Such documents shall include (but not be limited to) a copy of the Certificate
of Incorporation certified as of a recent date by the Secretary of State of
Delaware as a complete and correct copy thereof, and the Bylaws of the Company
(as amended through the date of the Closing), certified by the Secretary of the
Company as true and correct copies thereof as of the Closing.

          (f) Approval of Majority of Disinterested Directors. The terms and
conditions of the Transaction Documents and the issuance of the Notes and the
Underlying Securities shall have been approved by a majority of the
disinterested directors of the Board of Directors of the Company.

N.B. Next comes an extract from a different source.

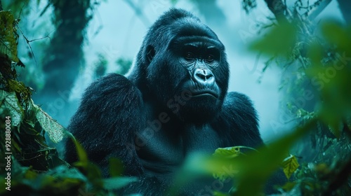 Naklejka premium Enigmatic Encounter: Majestic Mountain Gorilla Amid Misty Forest

          (g) Approval by Audit Committee. The terms and conditions of the
Transaction Documents and the issuance of the Notes and the Underlying
Securities shall have been approved by the members of the Company's Audit
Committee.

          (h) Fairness Opinion. The Company shall have received an opinion from
Houlihan Lokey Howard & Zukin Financial Advisors, Inc. (the "HLHZ Opinion") to
the effect that, as of November 13, 2005 and subject to the assumptions,
qualifications and limitations set forth therein, the purchase and sale
transaction provided for in this Agreement was fair, from a financial point of
view, to (x) the "Lenders" as such term is defined in that certain Second Lien
Credit Agreement dated as of October 27, 2004 to which the Company is a party as
Borrower, and (y) the "Holders" as such term is defined in each of those certain
Indentures, dated as of May 13, 1999, February 20, 2001, May 8, 2003, and March
12, 2004, respectively, pursuant to which the Company has issued the notes
specified therein.

          (i) Opinion of Company Counsel. Each Investor will have received an
opinion on behalf of the Company, dated as of the date of the Closing, from
counsel to the Company, in substantially the form set forth on Exhibit A.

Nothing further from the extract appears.